This is an open-source Spark package about two Fuzzy k Nearest Neighbors classifier based on Apache Spark. We take advantage of its in-memory operations to simultaneously classify big amounts of unseen cases against a big training dataset. It consists of two stages: class membership degree and classification. The class membership degree stage changes the class label to class membership degree vector. Two approaches are proposed to address this stage: Local Hybrid Spill Tree FkNN (LHS_FkNN) and Global Approximate Hybrid Spill Tree FkNN (GAHS-FkNN). LHS_FkNN follows a local approach, which calculates membership independently on each partition. GAHS-FkNN has a global approach based on Hybrid Spill Tree, considering all data from the training set. The classification stage is common to both models and is based on Hybrid Spill Tree.
[Reference]
The following software have to get installed:
- Scala. Version 2.11
- Spark. Version 2.3.2
- Maven. Version 3.5.2
- JVM. Java Virtual Machine. Version 1.8.0 because Scala run over it.
- Download source code: It is host on GitHub.

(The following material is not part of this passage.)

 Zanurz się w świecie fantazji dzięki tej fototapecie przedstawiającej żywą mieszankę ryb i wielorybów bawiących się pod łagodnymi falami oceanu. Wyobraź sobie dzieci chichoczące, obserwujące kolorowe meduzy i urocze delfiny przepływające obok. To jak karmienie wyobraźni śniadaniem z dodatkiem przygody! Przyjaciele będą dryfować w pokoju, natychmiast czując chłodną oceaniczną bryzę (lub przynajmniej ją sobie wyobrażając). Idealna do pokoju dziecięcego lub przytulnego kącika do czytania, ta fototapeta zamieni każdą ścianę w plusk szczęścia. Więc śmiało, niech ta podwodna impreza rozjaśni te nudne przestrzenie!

To get the sources and compile them we will need the next git instruction.
git clone https://github.com/JMailloH/HS_FkNN.git
- Build jar file: Once we have the sources, we generate the .jar file of the project by the next maven instruction.

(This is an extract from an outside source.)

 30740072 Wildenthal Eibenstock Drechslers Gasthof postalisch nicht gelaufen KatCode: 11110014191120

mvn package -Dmaven.test.skip=true.
Another alternative is download by spark-package at https://spark-packages.org/package/JMailloH/HS_FkNN
The execution of this software can be considered as 3 independent parts: local membership (LHS-Memb), global membership (GAHS-Memb) and classification. For more details see the example execution in the file runHS_FkNN.scala.

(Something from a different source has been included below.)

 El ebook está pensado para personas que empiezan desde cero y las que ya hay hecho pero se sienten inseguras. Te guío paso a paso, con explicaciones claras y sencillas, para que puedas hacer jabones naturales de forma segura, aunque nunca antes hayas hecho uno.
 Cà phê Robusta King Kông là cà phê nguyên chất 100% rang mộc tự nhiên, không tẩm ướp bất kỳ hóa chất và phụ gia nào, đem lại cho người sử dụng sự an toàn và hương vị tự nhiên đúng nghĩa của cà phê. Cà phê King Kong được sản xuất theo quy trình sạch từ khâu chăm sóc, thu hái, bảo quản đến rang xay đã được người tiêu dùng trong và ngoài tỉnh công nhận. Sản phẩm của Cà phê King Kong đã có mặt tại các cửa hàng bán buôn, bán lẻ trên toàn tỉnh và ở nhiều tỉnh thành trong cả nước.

The run.sh file contains an example call for each algorithm. A generic sample of run could be:
/opt/spark-2.3.2/bin/spark-submit --master "URL" --class org.apache.spark.run.runHS_FkNN ./target/HS_FkNN-1.0.jar "path-to-header" "path-to-train" "path-to-test" "number-of-neighbors" "number-of-maps" "stage" "path-to-output"
--class org.apache.spark.run.runHS_FkNN ./target/HS_FkNN-1.0.jar
Determine the jar file to be run."path-to-header"
Path from HDFS to header."path-to-train"
Path from HDFS to training set."path-to-test"
Path from HDFS to test set."number-of-neighbors"
Number of neighbors. The value of k."number-of-maps"
Number of map tasks."stage"
Select the stage to be executed: GAHS-FkNN or LHS-FkNN or classification"path-to-output"
Path from HDFS to the output.
The output is different in the membership or classification stage. The membership stage writes the Fuzzy Training Set to HDFS in the same directory as the Training Set. It also writes the runtime in the directory specified at "path-to-output" parameter. The classification stage returns the runtime, accuracy, and AUC in the directory specified at "path-to-output" parameter.